- (By definition) Implement by definition (triple loop) using the ijk loop order. This is your code0.
You may either use the numeric recipes code
(from assignmen 1)or your own.
- (Blocking) Block into micro MMMs with MU = NU = 2, KU=1. The inner triple loop has the kij order.
Unroll (by hand) the innermost i- and j-loop such that you have alternately adds and mults and do
scalar replacement. This is your code1.
- (Unrolling) Unroll the innermost k-loop by a factor of 2 and 4 (KU=2 and 4, doubles and quadruples
the loop body) again doing scalar replacement. Assume that 4 divides NB. This gives you code2 and
- (Performance plot, search for best block size NB) Determine the L1 cache size C1 (in doubles, i.e.,
8B units) of your computer. Measure the performance (in Mflops) of your four codes for all NB with
16 ≤ NB ≤ min(80, sqrt(C1)) with 4 divides NB. Create a plot: x-axis shows NB, y-axis shows
performance (so there will be 4 lines in it). Discuss the plot including: Which NB and which code
yields the maximum performance? What is the percentage of peak performance in this case?
- Does it improve if in the best code so far you switch the outermost loop order from ijk to jik?
- Implement an MMM for multiplying two square n x n matrices assuming NB divides n, blocked into
NB x NB blocks using your best mini-MMM code from the previous part. Create a performance plot
comparing this code and code0 (by definition) above for an interesting range of sizes n (up to sizes
where the matrices do not fit into the L2 cache). x-axis shows n; y-axis performance in Mflops.
Discuss the plot.
You should prepare a summary report of your experiments and performance data. Make
sure all relevent (e.g. compiler version and flags, machine type (memory, clock speed,
cache info) information for each set of data is provided. Make sure all plots are
labeled and easy to read. Raw data and all source files (along with compilation
instructions - i.e. a makefile) should be provided. The report should be submitted as a
pdf file. Make sure that any code that is timed is correct.
Students should submit their solution electronically using BbVista.
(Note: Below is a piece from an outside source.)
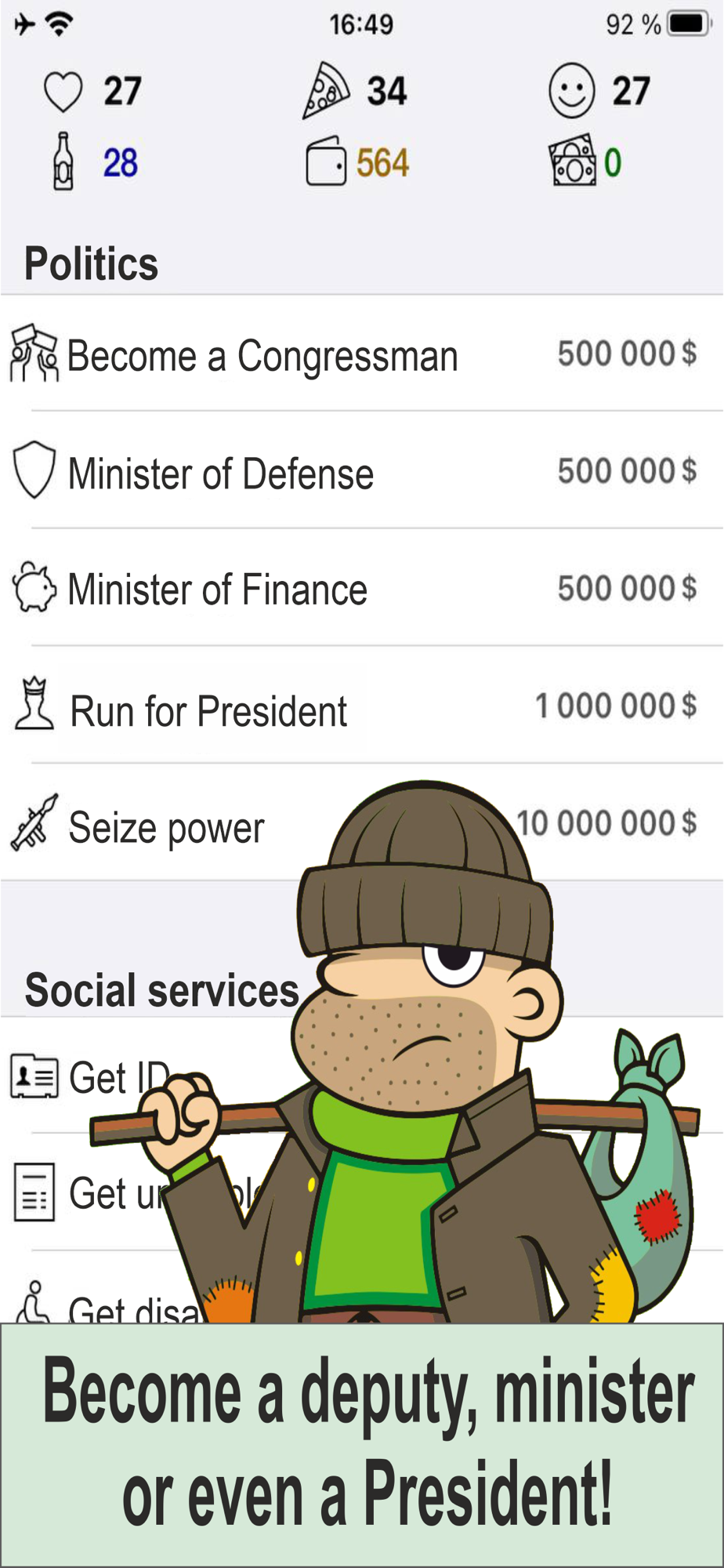 If your health, satiety, mood or money drops to zero, you will have 7 days (moves) to increase them, otherwise you will lose.

Submit a gzipped tar file, called A2.tar.gz (the tar file should contain a directory called A1 which
contains the files). The tar file should contain source code, instructions how to run your programs,
sample input and output files, and a README file. The README file should describe all files that are
included, contain instructions how to build and use the code, and outline how the code works.